Andrew Jackson and Elizabeth Hutchinson immigrated from Ireland in 1765; they landed in Philadelphia and headed south through the Appalachian Mountains to a Scots-Irish community on the border between North and South Carolina. They brought two children with them, Hugh was two, Robert was a year old. Three weeks before Andrew was born in March of 1767, his father was killed in a logging accident. Elizabeth and her three little boys lived with relatives in the community for a while; the boys had some schooling from a nearby priest. Contradictions began early on – Andrew was a bully, but he also took weaker kids under his wing in kindness. Andrew was nine when the Revolutionary War began; his brother Hugh was killed in battle in 1779. Elizabeth encouraged Robert and Andrew to attend local militia drills; they soon became couriers; but were captured by the British in April 1781 (Andrew was 14). They were not good POW’s – Andrew refused to clean an officer’s boots; the officer’s sword quickly slashed his face and hand; it left Andrew with scars and an intense hatred for the British. The story doesn’t get prettier; both boys contracted smallpox and almost starved in captivity. Elizabeth somehow managed to secure their release; the three began walking the 40 miles back home when a torrential downpour began. Two days after returning home, Robert was dead and Andrew terribly ill. After nursing Andrew back to health, Elizabeth volunteered to nurse American prisoners of war on board two British ships in the Charleston harbor, where there had been an outbreak of cholera. She died from the disease in November and is buried in an unmarked grave. By the end of 1781, Andrew was an orphan. Summary of his 14th year – he  suffered captivity by the British, near starvation, the disease of smallpox, and the loss of two brothers and his mother. The scars from his smallpox and that British sword stayed with him forever. So did his hatred of the British. How would you feel after such a year? And what did Andrew do next?

On To Rachel, and Orphans

Andrew made do. He boarded with various people, went to a local school, tried saddle making, and studied with enough lawyers to be admitted to the bar in North Carolina in 1787, at the age of 20. Then Andrew headed west; he got a job as a prosecutor in western North Carolina; he bought his first slave, fought his first duel, and moved on to Nashville, a small frontier town, in 1788. That’s where he met Rachel. Rachel Donelson Robards (1767-1828) was married at the time; an unhappy marriage. The story goes that she divorced Captain Robards, and married Andrew in 1791 – they were both 24. It seems Rachel’s divorce wasn’t final however and she and Andrew were in a bigamous relationship; they did a redo and married for the second time in 1794. Evidence shows that Rachel was living with Andrew before the petition for divorce was ever made; a fact that was raked over the coals during Andrew’s presidential campaign. His love for Rachel is a “once is enough” romance, with many happy days but a tragic end. Rachel often struggled while Andrew was away, but she began experiencing significant physical stress during the election season. She died of a heart attack on December 22, 1828, 10 weeks before her husband took office as president. Andrew literally had to be pulled from her side so the undertaker could prepare the body. Believing that the abuse from John Quincy Adams’ supporters hastened her death, Andrew swore at her funeral, “May God Almighty forgive her murderers. I never can.”

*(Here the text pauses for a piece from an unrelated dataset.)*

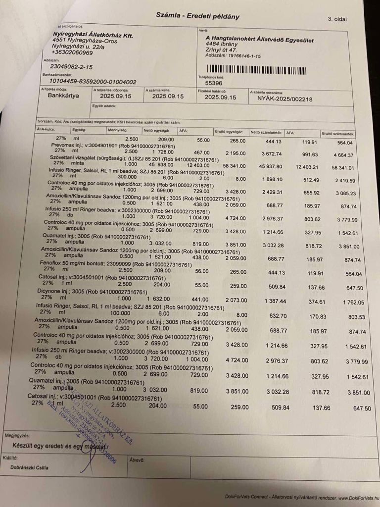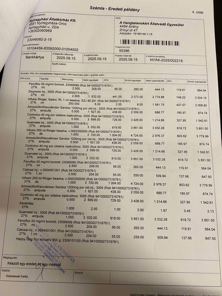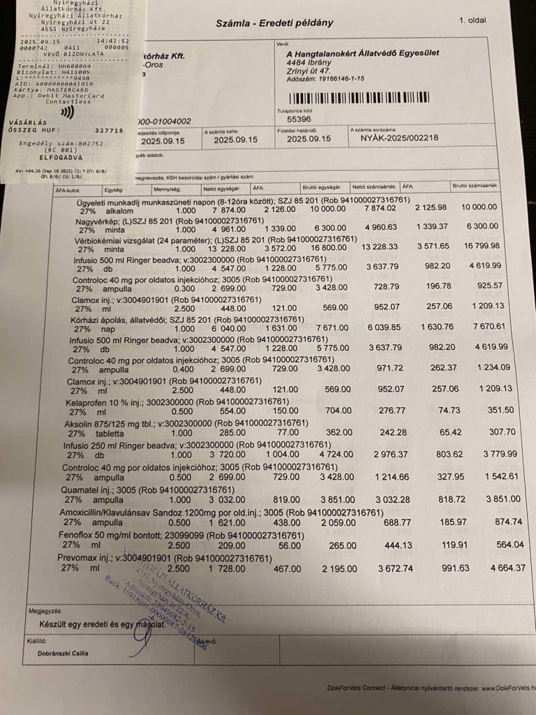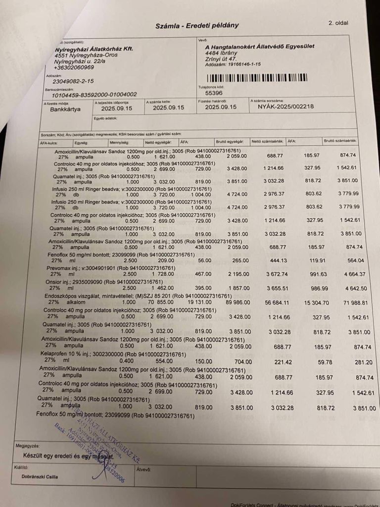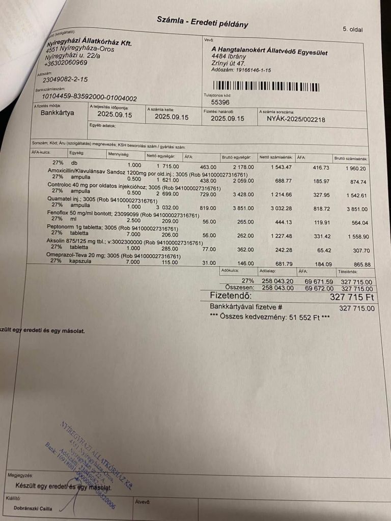 Rob hat zwar einen tollen Paten (Danke an Sascha!), aber die entstandenen Kosten sind durch die Patenschaft bei weitem nicht gedeckt. Es sind Kosten in Höhe von 998.000 Forint, also etwa 2550€, entstanden.

Andrew and Rachel never had children together but adopted, or cared for “a lot of kids” in their Nashville home, The Hermitage. In 1808, they took in one of the infant twins of Rachel’s brother Severn Donelson, and raised him as their own. They named him Andrew Jackson Jr. (1808-1865). When Rachel’s brother Samuel Donelson died in 1804 they cared for his three sons — John Samuel, Andrew Jackson, and Daniel. When Andrew found a Native American child on the battlefield with his dead mother in 1813, he brought him to the Hermitage, named him Lyncoya, and raised and educated him along with Andrew Jr. Andrew Jackson Hutchings, grandson of Rachel’s sister, lost both parents when he was five; he too was brought to the Hermitage and attended school with Andrew Jr and Lyncoya. Quite a legacy for one who was orphaned at an early age himself.

The Battles

This tender man who cared for so many children in need also fought in four different wars – the Revolutionary War, the Creek War, the War of 1812, and the First Seminole War. I’ll let you look those up yourself to read about his fierceness, campaign strategies, and tough leadership skills; there is much written about him as “War Hero.” He, like George Washington and James Monroe, got back up and kept fighting, no matter how many times he was down. He earned the nickname “Old Hickory” because he was a strict and bold military officer, unbending as a tree, and tough as wood.

He ran for president in 1824, winning the most popular and electoral votes. But that was a battle he LOST. Since no candidate won an electoral majority, the House of Representatives elected John Quincy Adams in a contingent election. In the years ahead, Andrew Jackson repeatedly called for the abolition of the Electoral College, recommending “giving the election of President and Vice-President to the people.”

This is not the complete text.